[About this exercise] Each line of the material must be repeated precisely, with the pictures left out.

[Data segment]
<<<<
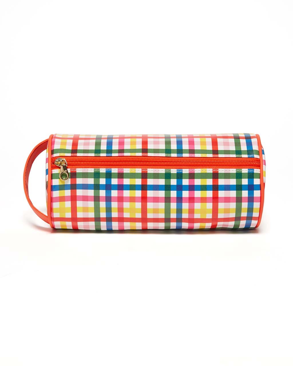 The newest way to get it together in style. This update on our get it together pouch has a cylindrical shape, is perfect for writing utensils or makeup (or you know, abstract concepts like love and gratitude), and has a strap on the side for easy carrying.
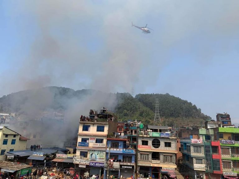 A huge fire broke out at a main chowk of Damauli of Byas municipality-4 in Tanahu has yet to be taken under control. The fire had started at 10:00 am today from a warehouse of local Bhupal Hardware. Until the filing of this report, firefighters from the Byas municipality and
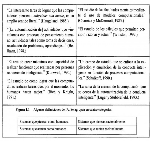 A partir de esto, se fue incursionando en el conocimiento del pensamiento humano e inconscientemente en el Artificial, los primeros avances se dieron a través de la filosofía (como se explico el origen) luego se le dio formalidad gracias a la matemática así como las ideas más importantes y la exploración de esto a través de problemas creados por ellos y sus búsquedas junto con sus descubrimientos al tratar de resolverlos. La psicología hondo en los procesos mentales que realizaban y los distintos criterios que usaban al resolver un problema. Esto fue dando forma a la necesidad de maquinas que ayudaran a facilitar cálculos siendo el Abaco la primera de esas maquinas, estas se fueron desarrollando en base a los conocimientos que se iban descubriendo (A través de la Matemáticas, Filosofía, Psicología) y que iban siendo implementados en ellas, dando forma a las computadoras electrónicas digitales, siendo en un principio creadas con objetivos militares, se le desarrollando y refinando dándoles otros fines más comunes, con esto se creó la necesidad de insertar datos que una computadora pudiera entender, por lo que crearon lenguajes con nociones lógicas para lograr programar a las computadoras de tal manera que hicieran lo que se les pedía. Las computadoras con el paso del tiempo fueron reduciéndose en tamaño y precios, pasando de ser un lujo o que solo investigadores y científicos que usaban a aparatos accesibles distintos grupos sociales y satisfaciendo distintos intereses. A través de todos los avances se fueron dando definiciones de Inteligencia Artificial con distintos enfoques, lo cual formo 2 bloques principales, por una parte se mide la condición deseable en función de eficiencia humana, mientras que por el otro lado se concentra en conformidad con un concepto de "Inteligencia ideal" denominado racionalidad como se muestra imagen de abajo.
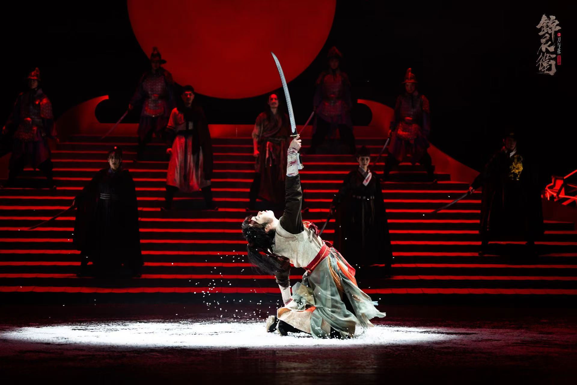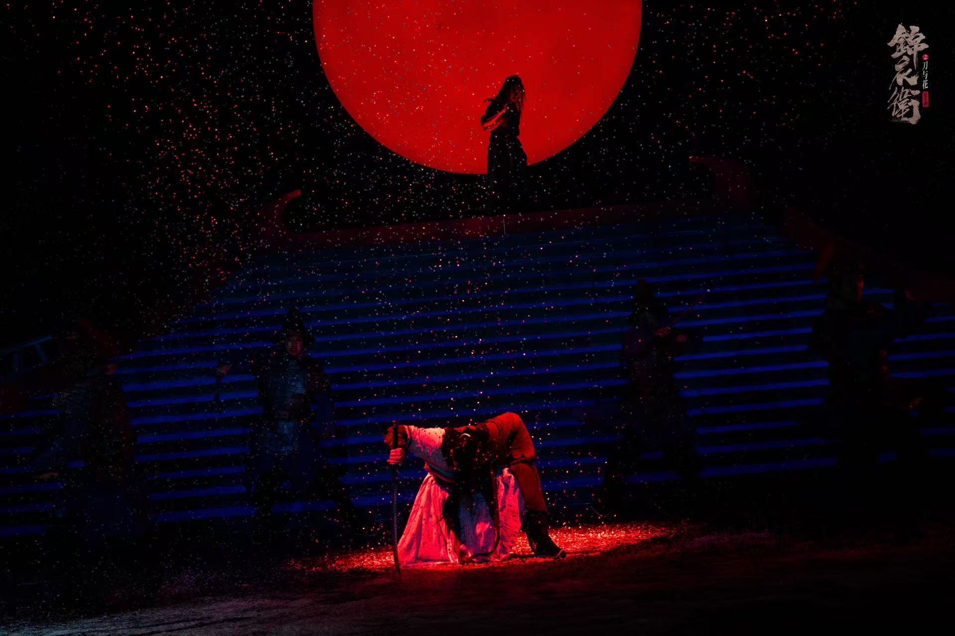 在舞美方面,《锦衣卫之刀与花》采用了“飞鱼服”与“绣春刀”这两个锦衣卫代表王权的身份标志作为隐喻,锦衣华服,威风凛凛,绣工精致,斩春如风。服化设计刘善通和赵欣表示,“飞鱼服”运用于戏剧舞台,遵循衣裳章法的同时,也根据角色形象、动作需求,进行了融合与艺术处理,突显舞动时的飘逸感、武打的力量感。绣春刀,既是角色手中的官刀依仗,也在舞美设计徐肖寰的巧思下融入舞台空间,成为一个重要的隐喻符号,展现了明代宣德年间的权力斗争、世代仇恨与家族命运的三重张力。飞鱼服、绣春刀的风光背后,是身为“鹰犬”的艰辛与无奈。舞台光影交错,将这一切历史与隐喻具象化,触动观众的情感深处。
>>>>
[Answer to this task]
 The newest way to get it together in style. This update on our get it together pouch has a cylindrical shape, is perfect for writing utensils or makeup (or you know, abstract concepts like love and gratitude), and has a strap on the side for easy carrying.
 A huge fire broke out at a main chowk of Damauli of Byas municipality-4 in Tanahu has yet to be taken under control. The fire had started at 10:00 am today from a warehouse of local Bhupal Hardware. Until the filing of this report, firefighters from the Byas municipality and
 A partir de esto, se fue incursionando en el conocimiento del pensamiento humano e inconscientemente en el Artificial, los primeros avances se dieron a través de la filosofía (como se explico el origen) luego se le dio formalidad gracias a la matemática así como las ideas más importantes y la exploración de esto a través de problemas creados por ellos y sus búsquedas junto con sus descubrimientos al tratar de resolverlos. La psicología hondo en los procesos mentales que realizaban y los distintos criterios que usaban al resolver un problema. Esto fue dando forma a la necesidad de maquinas que ayudaran a facilitar cálculos siendo el Abaco la primera de esas maquinas, estas se fueron desarrollando en base a los conocimientos que se iban descubriendo (A través de la Matemáticas, Filosofía, Psicología) y que iban siendo implementados en ellas, dando forma a las computadoras electrónicas digitales, siendo en un principio creadas con objetivos militares, se le desarrollando y refinando dándoles otros fines más comunes, con esto se creó la necesidad de insertar datos que una computadora pudiera entender, por lo que crearon lenguajes con nociones lógicas para lograr programar a las computadoras de tal manera que hicieran lo que se les pedía. Las computadoras con el paso del tiempo fueron reduciéndose en tamaño y precios, pasando de ser un lujo o que solo investigadores y científicos que usaban a aparatos accesibles distintos grupos sociales y satisfaciendo distintos intereses. A través de todos los avances se fueron dando definiciones de Inteligencia Artificial con distintos enfoques, lo cual formo 2 bloques principales, por una parte se mide la condición deseable en función de eficiencia humana, mientras que por el otro lado se concentra en conformidad con un concepto de "Inteligencia ideal" denominado racionalidad como se muestra imagen de abajo.
 在舞美方面,《锦衣卫之刀与花》采用了“飞鱼服”与“绣春刀”这两个锦衣卫代表王权的身份标志作为隐喻,锦衣华服,威风凛凛,绣工精致,斩春如风。服化设计刘善通和赵欣表示,“飞鱼服”运用于戏剧舞台,遵循衣裳章法的同时,也根据角色形象、动作需求,进行了融合与艺术处理,突显舞动时的飘逸感、武打的力量感。绣春刀,既是角色手中的官刀依仗,也在舞美设计徐肖寰的巧思下融入舞台空间,成为一个重要的隐喻符号,展现了明代宣德年间的权力斗争、世代仇恨与家族命运的三重张力。飞鱼服、绣春刀的风光背后,是身为“鹰犬”的艰辛与无奈。舞台光影交错,将这一切历史与隐喻具象化,触动观众的情感深处。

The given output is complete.